Archbishop’s refreshing answer

It was refreshing to hear Archbishop Diarmuid Martin, when asked by Sean O’Rourke on the radio recently, “Do you believe in hell?”, answering with great honesty and courage that he only believed in the possibility of hell. All that hell and damnation nonsense is what destroyed this country for years.
BRIAN MCDEVITT, GLENTIES, CO DONEGAL

 

Forget about chasing phantoms

I read with interest the many letters on this page in recent weeks arguing for the existence of God and it strikes me that a thread of wishful thinking runs through them all.

A prime example of this is the argument that the beauty and magnificence of the universe is enough to prove that God exists. The very best that this argument can do is to suggest that there is some kind of intelligence behind the formation of the universe. To put a name on this intelligence and claim to know its nature and intention is a huge leap of the imagination that does not hold up to any scrutiny.

Life is meaningless without God, another letter states. I find this the saddest of arguments. Our lives are full of meaning that does not compel us to look to the stars – our families, our relationships, our children, our work, our interests, our achievements and our hopes.

It would be more accurate to say that death is meaningless without God, a thought that should spur us on to appreciate what we have and not spend our short lives chasing phantoms.

Western civilisation is at a stage now where it can be compared to a child who is on the cusp of realising that Santa Claus is not real.

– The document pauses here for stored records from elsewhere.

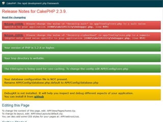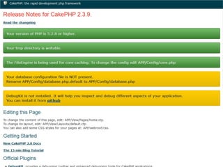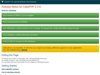 O documento apresenta o framework CakePHP, descrevendo suas principais características e vantagens, como padronização, velocidade, qualidade e manutenção facilitadas. Explica que um framework é um conjunto de códigos que facilita o desenvolvimento de software, fornecendo funcionalidades genéricas pré-construídas. O CakePHP em específico surgiu em 2005 e é mantido por uma grande comunidade ativa e amigável.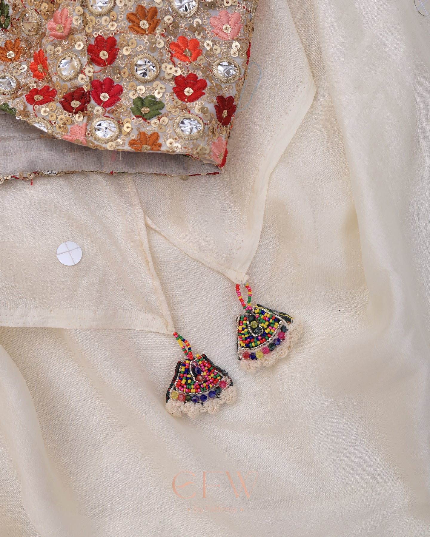 The pallu is adorned with artisanal multicolor beaded tassels featuring intricate threadwork and miniature bead clusters. These tassels sway gracefully, tying together the blouse’s color palette and adding a bohemian twist to the refined ivory saree.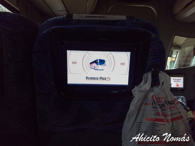 Ahora sí, dejando de lado la infraestructura de la terminal, podemos hablar del excelente servicio de Primera Plus. Con micros muy cómodos y equipados con un wifi a bordo que funciona aceptablemente bien, cada uno de los asientos cuenta con su pantalla individual con entretenimiento a bordo que incluye una selección de películas, música, libros y juegos. Al subir, en cada asiento uno encuentra sus auriculares.

He/she knows that something doesn’t make any sense here but is reluctant to let go of the magic and is afraid that the gifts might not be quite as good.

He/she soon realises, though, that December still comes around every year, Santa Claus or no Santa Claus.
SEAN SMITH, NAVAN, CO MEATH

 

Grateful for whistleblowers

It is an age of information… and disinformation. It is an age of deceit. And Ireland, being divided loosely into cliques of inscrutable loyalties, makes it an age of insider privilege, influence, and naked menace. Thank goodness for whistleblowers.